■ EXERCISE OBJECTIVE ■
Where the listing below has a line with "obtenues sont bien", write out exactly that line and every line after it, stopping after the line with "500,000箱。全世界銷量".

■ STUDY MATERIAL ■
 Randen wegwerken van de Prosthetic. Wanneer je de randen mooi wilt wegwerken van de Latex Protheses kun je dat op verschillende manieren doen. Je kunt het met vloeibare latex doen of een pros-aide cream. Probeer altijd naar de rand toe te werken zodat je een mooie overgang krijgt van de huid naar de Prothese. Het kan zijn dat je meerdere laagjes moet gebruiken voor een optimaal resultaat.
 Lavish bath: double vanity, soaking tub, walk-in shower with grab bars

* * *

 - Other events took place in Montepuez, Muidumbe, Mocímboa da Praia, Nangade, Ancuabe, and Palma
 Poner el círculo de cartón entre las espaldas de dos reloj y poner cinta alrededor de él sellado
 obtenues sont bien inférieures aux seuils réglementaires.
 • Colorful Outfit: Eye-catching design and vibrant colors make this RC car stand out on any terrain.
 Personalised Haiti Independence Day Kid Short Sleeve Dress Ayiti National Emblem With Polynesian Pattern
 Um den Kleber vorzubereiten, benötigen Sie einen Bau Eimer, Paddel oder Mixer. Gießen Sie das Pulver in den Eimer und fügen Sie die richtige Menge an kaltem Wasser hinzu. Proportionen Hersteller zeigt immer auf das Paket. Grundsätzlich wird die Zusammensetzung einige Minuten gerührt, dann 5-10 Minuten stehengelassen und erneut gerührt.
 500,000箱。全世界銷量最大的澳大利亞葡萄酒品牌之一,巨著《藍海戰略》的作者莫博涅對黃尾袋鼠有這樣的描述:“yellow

* * *

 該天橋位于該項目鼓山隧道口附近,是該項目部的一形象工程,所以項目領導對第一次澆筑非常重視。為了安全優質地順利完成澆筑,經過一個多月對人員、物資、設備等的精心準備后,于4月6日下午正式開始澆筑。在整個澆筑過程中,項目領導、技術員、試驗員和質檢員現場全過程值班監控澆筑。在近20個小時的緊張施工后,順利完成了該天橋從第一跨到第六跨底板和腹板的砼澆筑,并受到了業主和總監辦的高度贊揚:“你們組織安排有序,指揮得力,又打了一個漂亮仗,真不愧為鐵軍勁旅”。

■ ANSWER SPACE ■
 obtenues sont bien inférieures aux seuils réglementaires.
 • Colorful Outfit: Eye-catching design and vibrant colors make this RC car stand out on any terrain.
 Personalised Haiti Independence Day Kid Short Sleeve Dress Ayiti National Emblem With Polynesian Pattern
 Um den Kleber vorzubereiten, benötigen Sie einen Bau Eimer, Paddel oder Mixer. Gießen Sie das Pulver in den Eimer und fügen Sie die richtige Menge an kaltem Wasser hinzu. Proportionen Hersteller zeigt immer auf das Paket. Grundsätzlich wird die Zusammensetzung einige Minuten gerührt, dann 5-10 Minuten stehengelassen und erneut gerührt.
 500,000箱。全世界銷量最大的澳大利亞葡萄酒品牌之一,巨著《藍海戰略》的作者莫博涅對黃尾袋鼠有這樣的描述:“yellow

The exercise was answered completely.